В конце нашей встречи на меня вдруг накатывает желание взять реванш. Я решаю стать самым героическим человеком, когда-либо пережившим потерю. Я по-настоящему блесну. Переверну в себе все до последнего камня, чтобы убедиться, что там ничего не скрывается, выберусь из своего горя быстро и эффективно, вернусь к нормальной жизни. Я должна это сделать. Мне придется это сделать. Не ради себя – ради Ивана. Это последнее, что я могу подарить тебе, когда все потеряно, когда я почти все погубила. Во мне пробуждается соревновательный дух, и я не в состоянии думать, почему это происходит. Внезапно я ощущаю огромную усталость. Наверное, от того, что я поплакала. Или потому, что я не спала четверо суток. Час прошел, и психолог вынуждена попросить меня уйти. Она записывает меня на новую встречу через неделю. На прощание мы не обнимаемся.
Увидев свою маму, брата и Ивана у тех же дверей, где мы расстались час назад, я не могу не думать о том, что психолог несколько раз в течение нашей встречи повторяла, что я все еще нахожусь в состоянии шока. Задним числом я оскорблена ее словами, чувствую себя неудачницей, тупой и медлительной, которая не работает над своим горем так быстро, как я собиралась. Я не хочу находиться в шоке, я хочу перейти на новую стадию. Как бы она там ни называлась.
Я решаю прочесть о стадиях горевания и при следующей встрече уже находиться на следующей. Или на третьей. Осталось только выяснить, какие они.
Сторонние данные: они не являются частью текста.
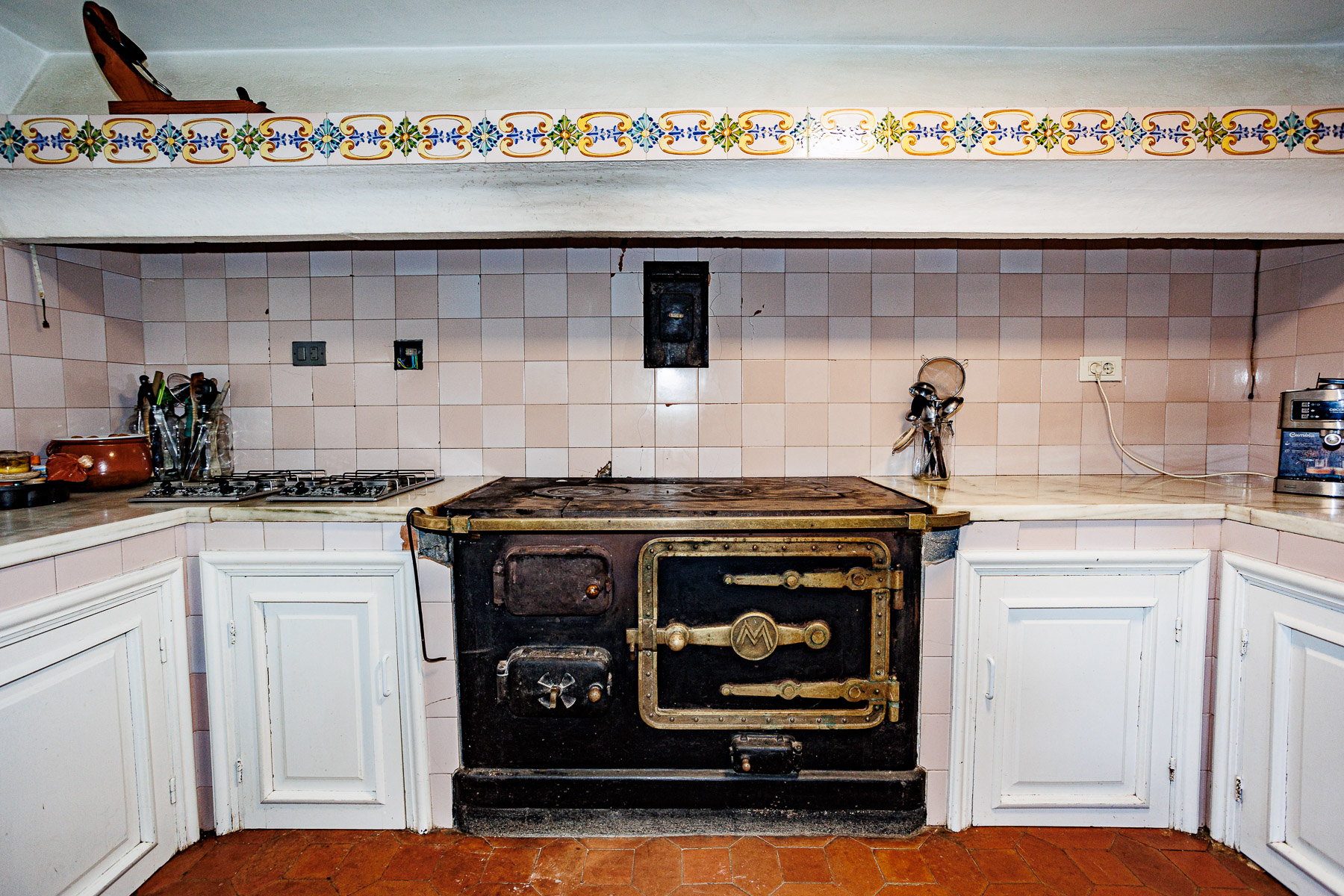 Hacia el fondo, además de la salida al jardín posterior, nos da acceso a un recibidor con una cama (lo usa su propietario como dormitorio en este momento), una cocina muy bonita con una bilbaína que funciona bien, una oficina, un cuarto de lavandería, un cuarto de baño con ducha. Puede hacer otro gran apartamento independiente.

По дороге домой я заявляю маме и брату, что завтра мы снова совершим небольшую поездку. Съездим в торговый центр Сикла, чтобы сходить в библиотеку. Я возьму все книги о переживании горя, которые только есть. Я прочту их, научусь всему, чему можно научиться, и выберусь из этого кризиса. По-другому нельзя. А с чувством вины я разберусь потом.
Я замечаю, как моя мама и брат переглядываются, когда им кажется, что я не вижу. Брат кивает маме, и они, похоже, решают ничего не говорить. И тем самым решение принято – завтра мы снова едем. Во второй раз с тех пор, как ты умер.
Это наше первое лето в Эншеде, и по сравнению с прошлым оно чудесное. В этом году наша жизнь окрашена тихим умиротворением. Мы редко ссоримся. Часто смеемся. Снова регулярно занимаемся сексом. Реагируем на нашу непохожесть желанием находить компромиссы, а не обидой, плохо скрываемой злостью и взаимными упреками. Мне трудно сказать точно, что именно изменилось, однако подозреваю, что наш совместный переезд сыграл определенную роль. Как с практической стороны, так и с эмоциональной.